British perpendicularity bested French streamlining, but then the conventional often beats the innovative—at first.
Bugatti Type 32. A team of four Bugatti Type 32 cars competed in the 1923 French Grand Prix at Tours. These used the inline-eight Type 30 powerplant, with three valves per cylinder and 1991-cc displacement, mounted in a short chassis, 2000-mm. (78.7-in.), the same as the Type 13’s.
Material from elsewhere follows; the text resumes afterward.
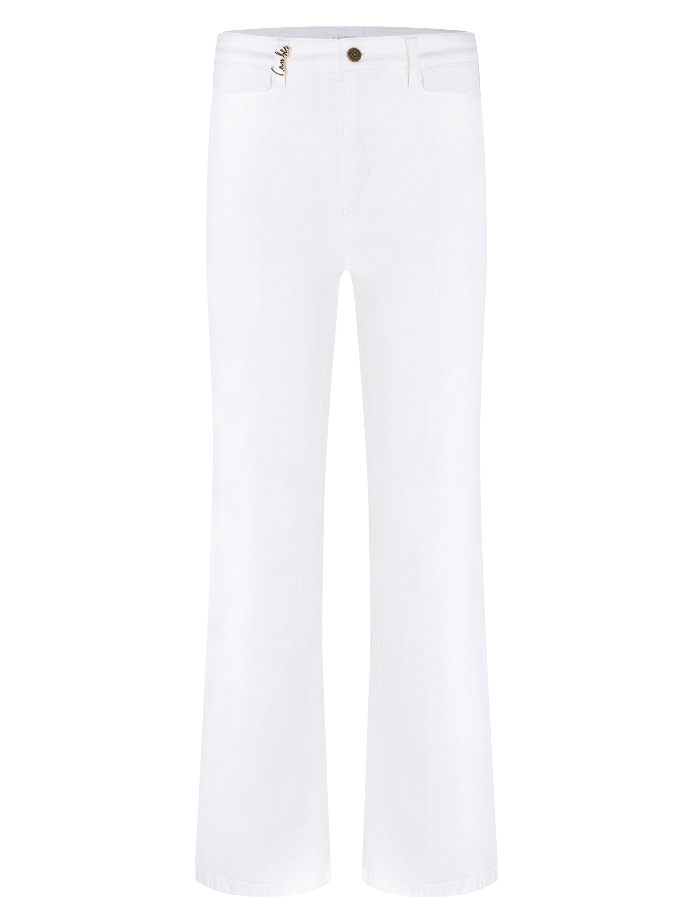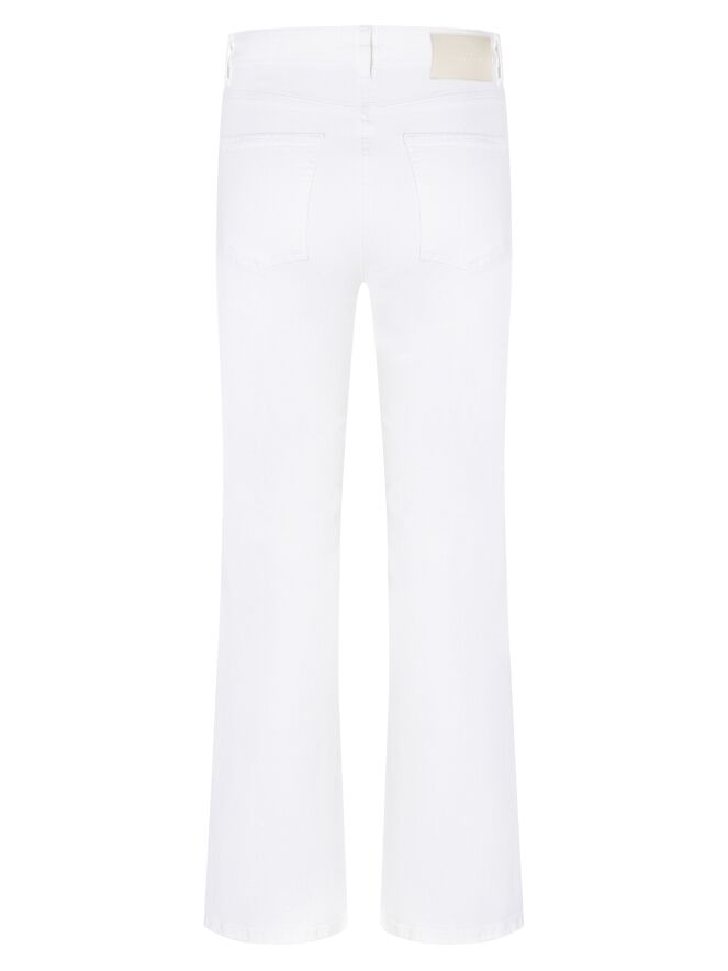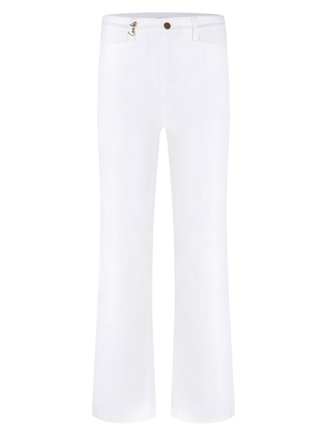 Jeans van Cambio in een frisse witte tint. Onder de tailleband zijn twee kleine decoratieve zakken met een omslag verwerkt, wat het ontwerp een speels en verfijnd detail geeft. Vanaf de knieën lopen de pijpen licht wijd uit, wat zorgt voor een elegante en moderne lijn. Deze jeans kan op 30 graden worden gewassen.

Highly innovative aerodynamic bodywork was another feature of the Type 32.
As Hugh Conway describes in Bugatti Magnum, “Bugatti had at last decided that aerodynamic drag at the speeds his cars could reach was important and had taken a leap forward based on visual observation of what an aircraft wing was like.”
Conway noted, though, “He made mistakes arising from his lack of knowledge… the airflow would create lift on the car which would not improve handling already suffering from a short wheelbase.” Indeed, “not improve” was a kind way to describe this; at speed, the car’s aerodynamics actually lifted it on its suspension.
Conway reported, “In the event, Sunbeam were first and second but Friderich managed a respectable third, although Press comments on the body shape were not favourable.”
Wikipedia notes that “the bodywork blocked the drivers’ view of their tires, and the cars were also hampered by a short wheelbase and narrow track width on the winding and bumpy circuit.”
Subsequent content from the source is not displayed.